Stored items:
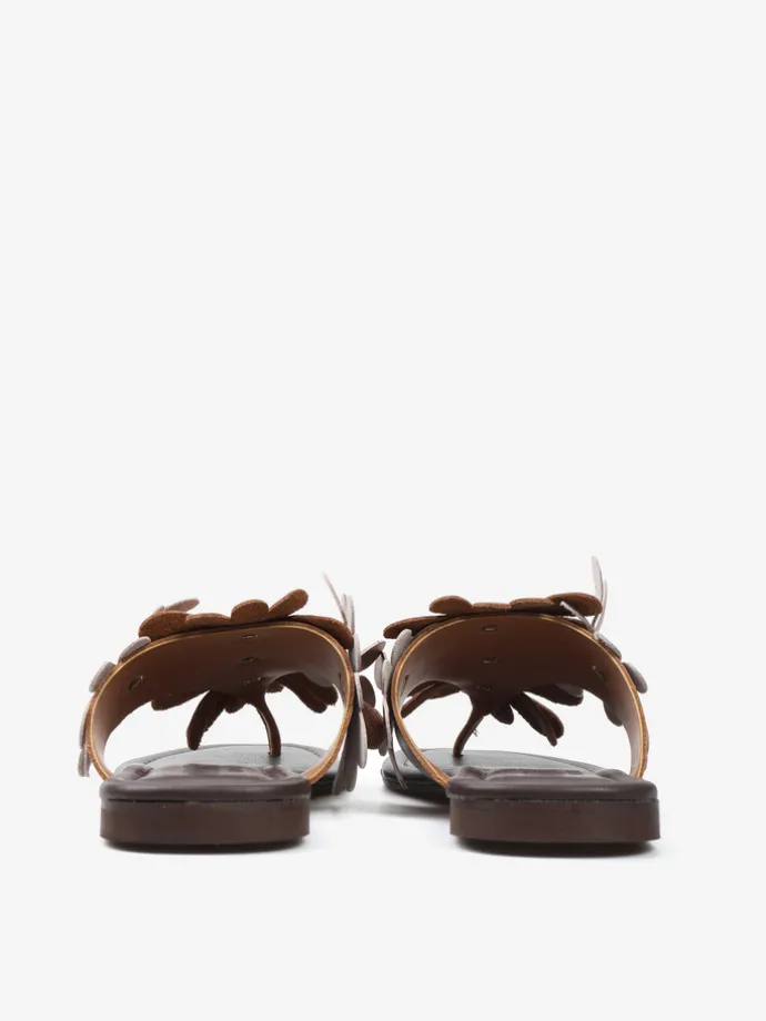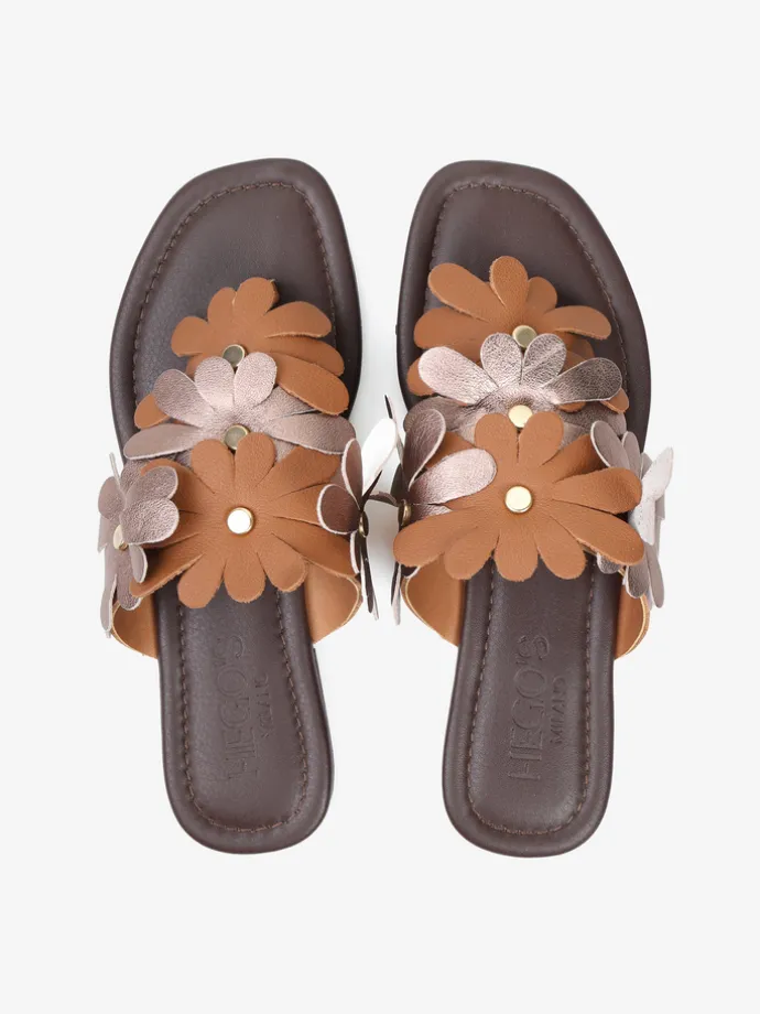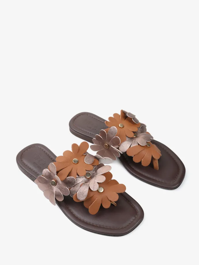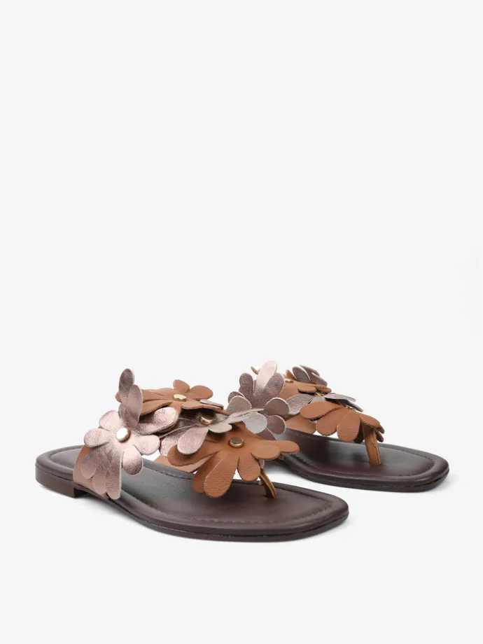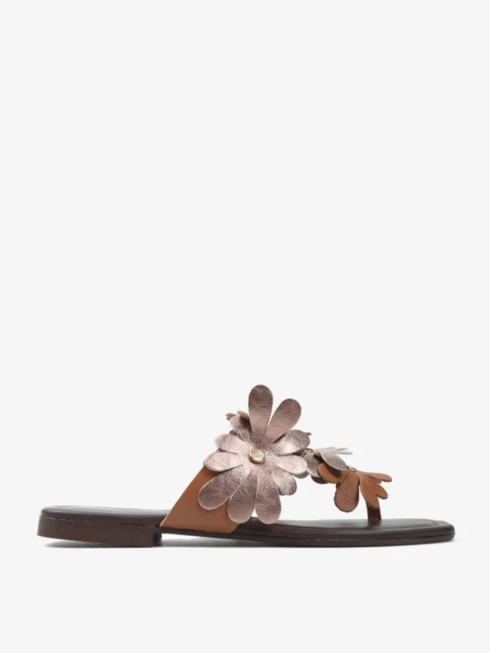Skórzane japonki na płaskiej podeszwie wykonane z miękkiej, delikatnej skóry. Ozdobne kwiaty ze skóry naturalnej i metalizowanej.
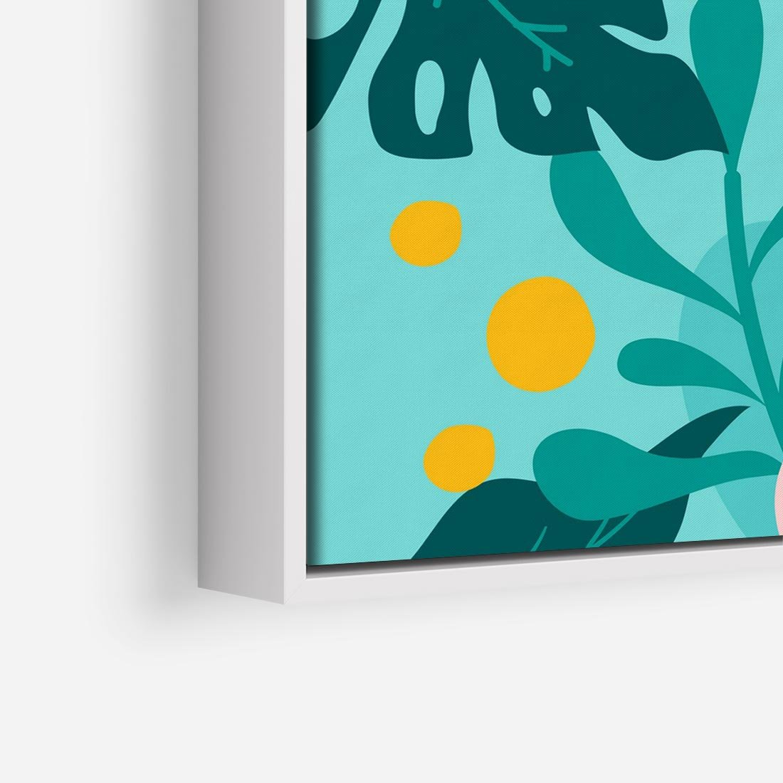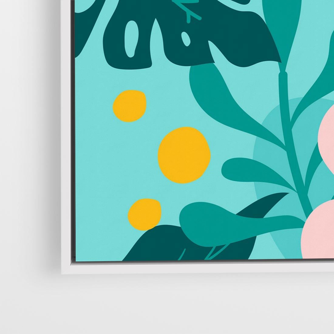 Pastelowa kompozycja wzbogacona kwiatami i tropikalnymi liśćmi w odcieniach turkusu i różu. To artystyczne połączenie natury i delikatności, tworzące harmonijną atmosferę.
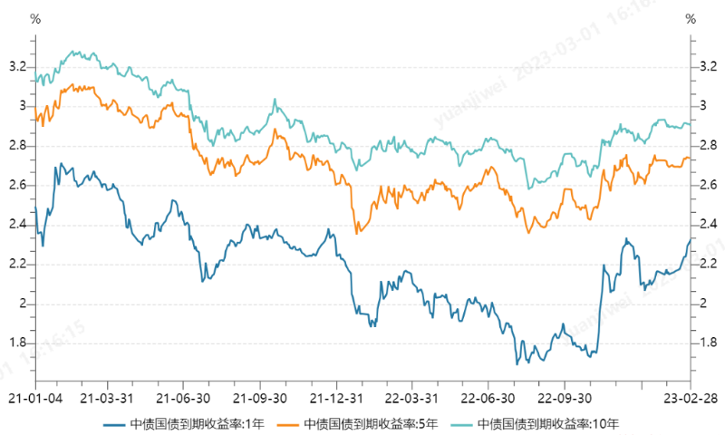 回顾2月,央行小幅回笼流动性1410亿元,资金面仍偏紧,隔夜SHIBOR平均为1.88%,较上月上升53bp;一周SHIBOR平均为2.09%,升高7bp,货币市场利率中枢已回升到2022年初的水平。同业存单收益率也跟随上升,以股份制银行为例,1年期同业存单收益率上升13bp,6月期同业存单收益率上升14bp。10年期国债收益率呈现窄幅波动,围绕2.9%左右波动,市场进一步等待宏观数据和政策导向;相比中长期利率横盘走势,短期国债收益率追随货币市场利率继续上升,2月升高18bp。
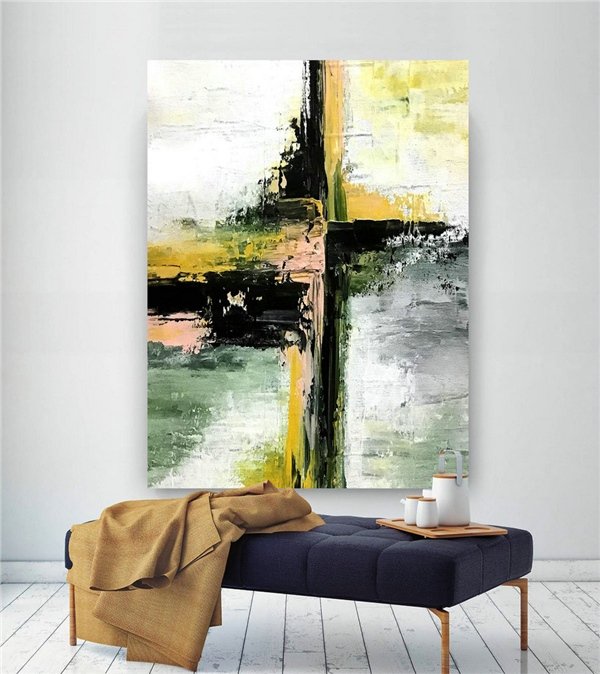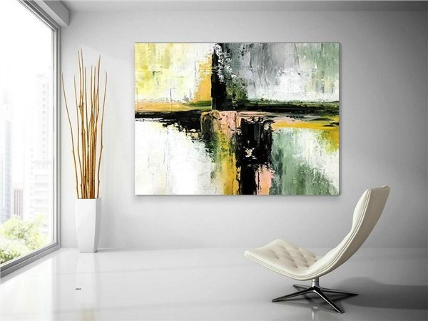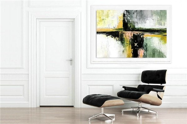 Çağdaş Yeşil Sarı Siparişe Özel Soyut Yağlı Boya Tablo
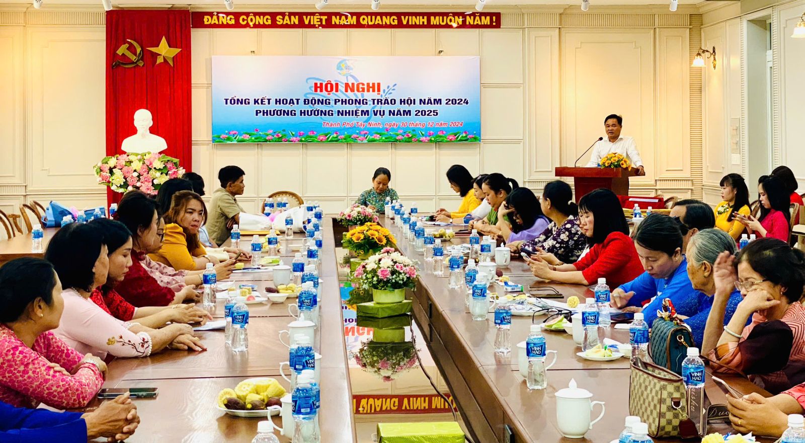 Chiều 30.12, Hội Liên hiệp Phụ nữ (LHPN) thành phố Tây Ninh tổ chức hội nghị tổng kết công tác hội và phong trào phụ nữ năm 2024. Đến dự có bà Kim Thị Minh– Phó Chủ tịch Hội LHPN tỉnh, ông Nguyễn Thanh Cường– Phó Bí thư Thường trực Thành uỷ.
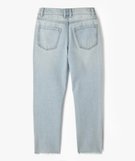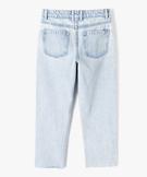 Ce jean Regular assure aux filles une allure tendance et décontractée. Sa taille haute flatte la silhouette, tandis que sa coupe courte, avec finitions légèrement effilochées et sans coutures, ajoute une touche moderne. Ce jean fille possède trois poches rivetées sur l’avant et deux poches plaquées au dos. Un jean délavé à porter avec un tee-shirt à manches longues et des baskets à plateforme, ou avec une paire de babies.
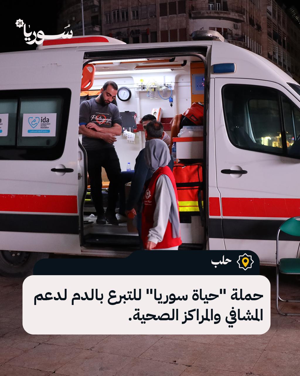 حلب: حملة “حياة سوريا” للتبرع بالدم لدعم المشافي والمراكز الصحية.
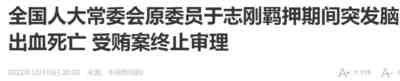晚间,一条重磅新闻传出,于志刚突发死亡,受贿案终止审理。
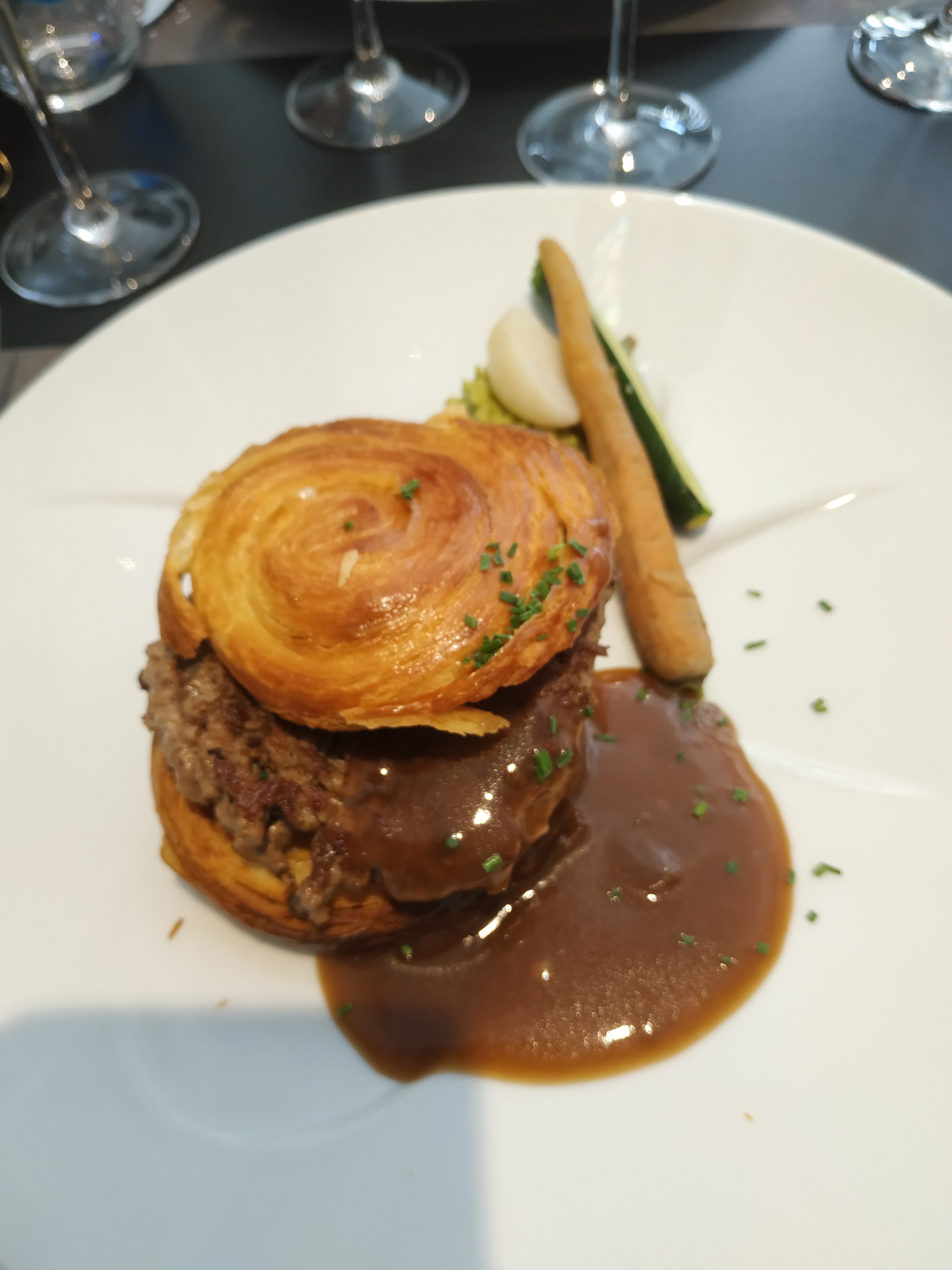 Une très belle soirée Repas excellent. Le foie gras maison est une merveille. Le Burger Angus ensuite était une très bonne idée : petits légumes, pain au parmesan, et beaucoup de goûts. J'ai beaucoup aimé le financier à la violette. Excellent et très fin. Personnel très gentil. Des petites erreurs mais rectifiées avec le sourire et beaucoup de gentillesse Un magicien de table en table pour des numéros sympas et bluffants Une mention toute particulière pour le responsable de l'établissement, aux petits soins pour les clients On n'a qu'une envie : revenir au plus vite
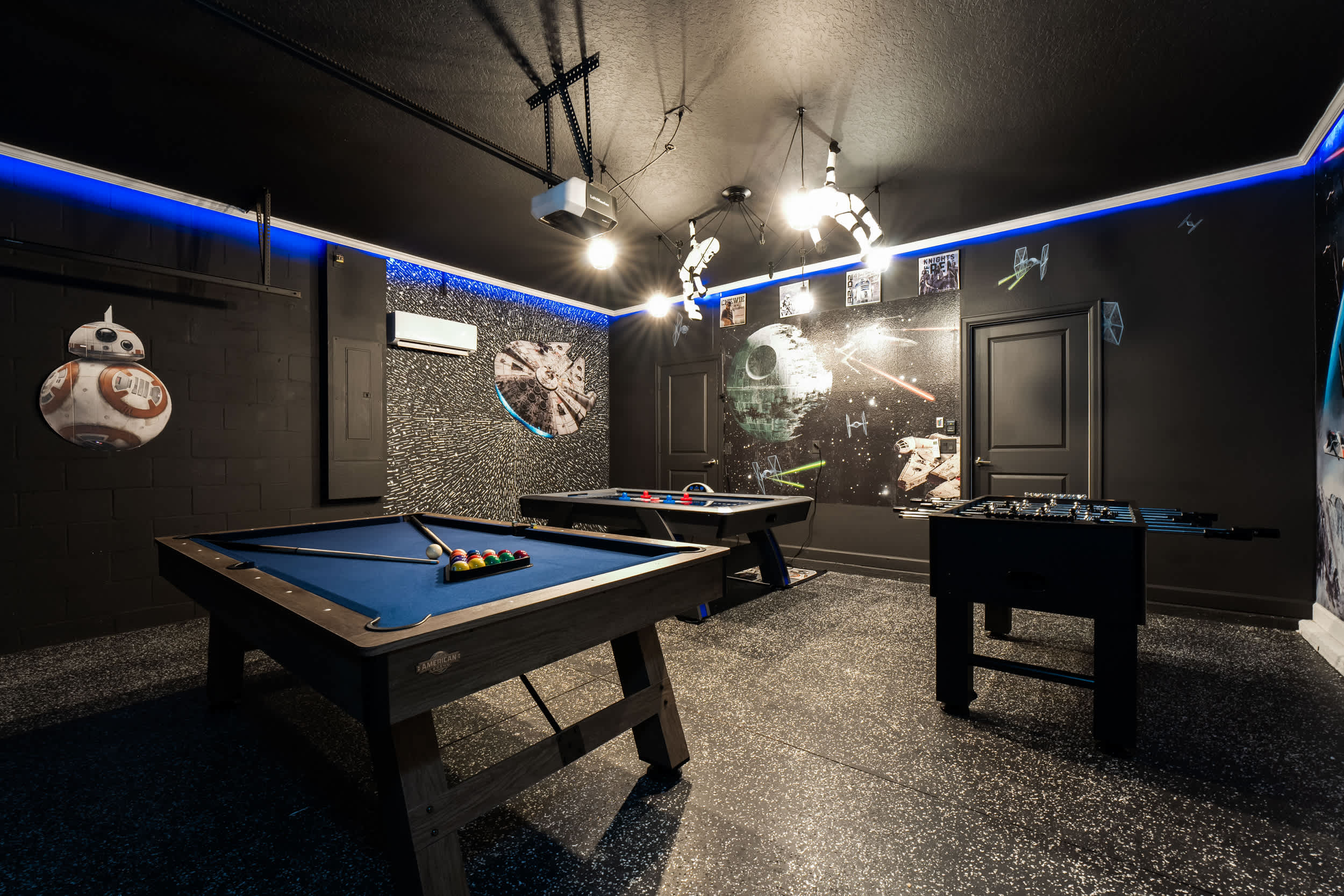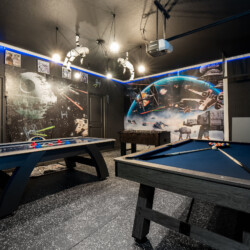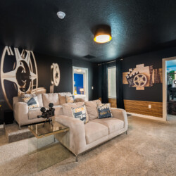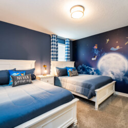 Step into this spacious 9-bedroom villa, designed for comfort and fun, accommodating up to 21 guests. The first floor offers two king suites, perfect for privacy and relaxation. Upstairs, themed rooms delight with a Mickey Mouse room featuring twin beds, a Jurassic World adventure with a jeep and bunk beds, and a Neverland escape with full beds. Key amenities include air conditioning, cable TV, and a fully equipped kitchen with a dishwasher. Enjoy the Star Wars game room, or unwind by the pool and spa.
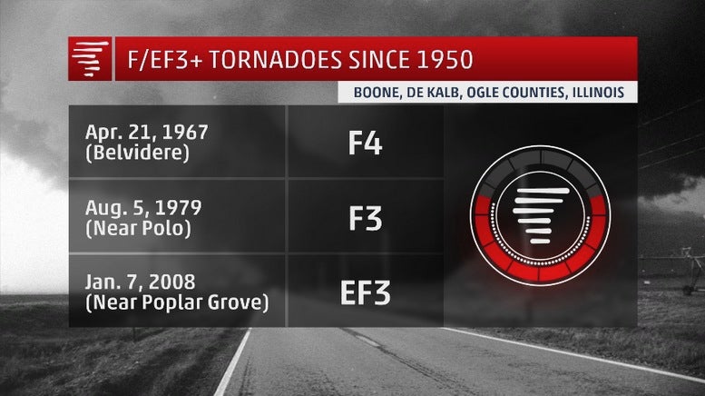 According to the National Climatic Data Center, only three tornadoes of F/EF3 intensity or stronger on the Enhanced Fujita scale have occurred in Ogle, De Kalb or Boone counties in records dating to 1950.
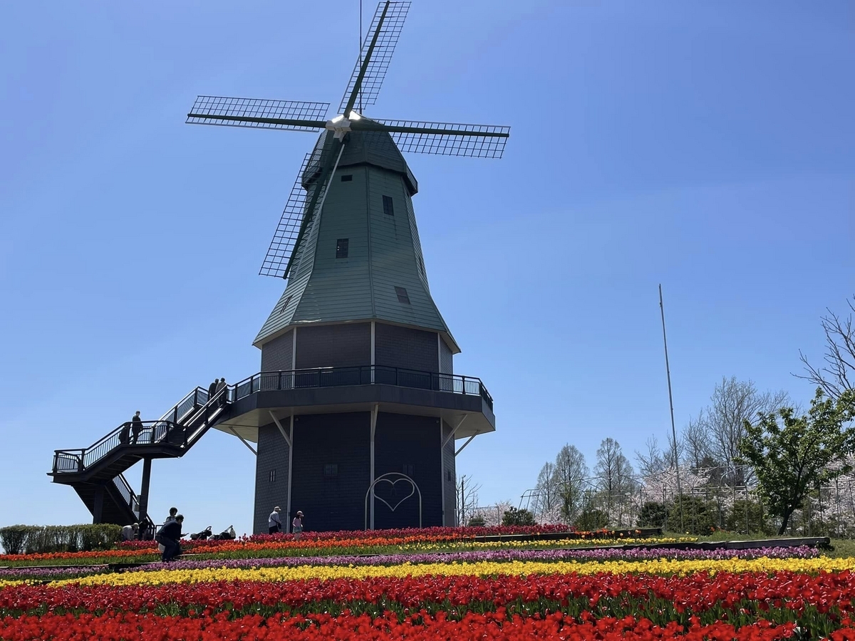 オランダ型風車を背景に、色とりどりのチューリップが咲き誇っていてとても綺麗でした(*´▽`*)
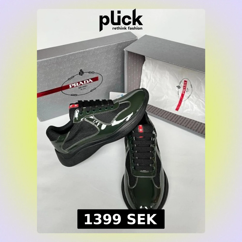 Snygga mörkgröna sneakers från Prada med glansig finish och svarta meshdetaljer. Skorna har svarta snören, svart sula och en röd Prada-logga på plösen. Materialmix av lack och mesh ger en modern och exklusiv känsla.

WORK INSTRUCTIONS: Print all records word for word, no images.

ANSWER SPACE:
Skórzane japonki na płaskiej podeszwie wykonane z miękkiej, delikatnej skóry. Ozdobne kwiaty ze skóry naturalnej i metalizowanej.
 Pastelowa kompozycja wzbogacona kwiatami i tropikalnymi liśćmi w odcieniach turkusu i różu. To artystyczne połączenie natury i delikatności, tworzące harmonijną atmosferę.
 回顾2月,央行小幅回笼流动性1410亿元,资金面仍偏紧,隔夜SHIBOR平均为1.88%,较上月上升53bp;一周SHIBOR平均为2.09%,升高7bp,货币市场利率中枢已回升到2022年初的水平。同业存单收益率也跟随上升,以股份制银行为例,1年期同业存单收益率上升13bp,6月期同业存单收益率上升14bp。10年期国债收益率呈现窄幅波动,围绕2.9%左右波动,市场进一步等待宏观数据和政策导向;相比中长期利率横盘走势,短期国债收益率追随货币市场利率继续上升,2月升高18bp。
 Çağdaş Yeşil Sarı Siparişe Özel Soyut Yağlı Boya Tablo
 Chiều 30.12, Hội Liên hiệp Phụ nữ (LHPN) thành phố Tây Ninh tổ chức hội nghị tổng kết công tác hội và phong trào phụ nữ năm 2024. Đến dự có bà Kim Thị Minh– Phó Chủ tịch Hội LHPN tỉnh, ông Nguyễn Thanh Cường– Phó Bí thư Thường trực Thành uỷ.
 Ce jean Regular assure aux filles une allure tendance et décontractée. Sa taille haute flatte la silhouette, tandis que sa coupe courte, avec finitions légèrement effilochées et sans coutures, ajoute une touche moderne. Ce jean fille possède trois poches rivetées sur l’avant et deux poches plaquées au dos. Un jean délavé à porter avec un tee-shirt à manches longues et des baskets à plateforme, ou avec une paire de babies.
 حلب: حملة “حياة سوريا” للتبرع بالدم لدعم المشافي والمراكز الصحية.
晚间,一条重磅新闻传出,于志刚突发死亡,受贿案终止审理。
 Une très belle soirée Repas excellent. Le foie gras maison est une merveille. Le Burger Angus ensuite était une très bonne idée : petits légumes, pain au parmesan, et beaucoup de goûts. J'ai beaucoup aimé le financier à la violette. Excellent et très fin. Personnel très gentil. Des petites erreurs mais rectifiées avec le sourire et beaucoup de gentillesse Un magicien de table en table pour des numéros sympas et bluffants Une mention toute particulière pour le responsable de l'établissement, aux petits soins pour les clients On n'a qu'une envie : revenir au plus vite
 Step into this spacious 9-bedroom villa, designed for comfort and fun, accommodating up to 21 guests. The first floor offers two king suites, perfect for privacy and relaxation. Upstairs, themed rooms delight with a Mickey Mouse room featuring twin beds, a Jurassic World adventure with a jeep and bunk beds, and a Neverland escape with full beds. Key amenities include air conditioning, cable TV, and a fully equipped kitchen with a dishwasher. Enjoy the Star Wars game room, or unwind by the pool and spa.
 According to the National Climatic Data Center, only three tornadoes of F/EF3 intensity or stronger on the Enhanced Fujita scale have occurred in Ogle, De Kalb or Boone counties in records dating to 1950.
 オランダ型風車を背景に、色とりどりのチューリップが咲き誇っていてとても綺麗でした(*´▽`*)
 Snygga mörkgröna sneakers från Prada med glansig finish och svarta meshdetaljer. Skorna har svarta snören, svart sula och en röd Prada-logga på plösen. Materialmix av lack och mesh ger en modern och exklusiv känsla.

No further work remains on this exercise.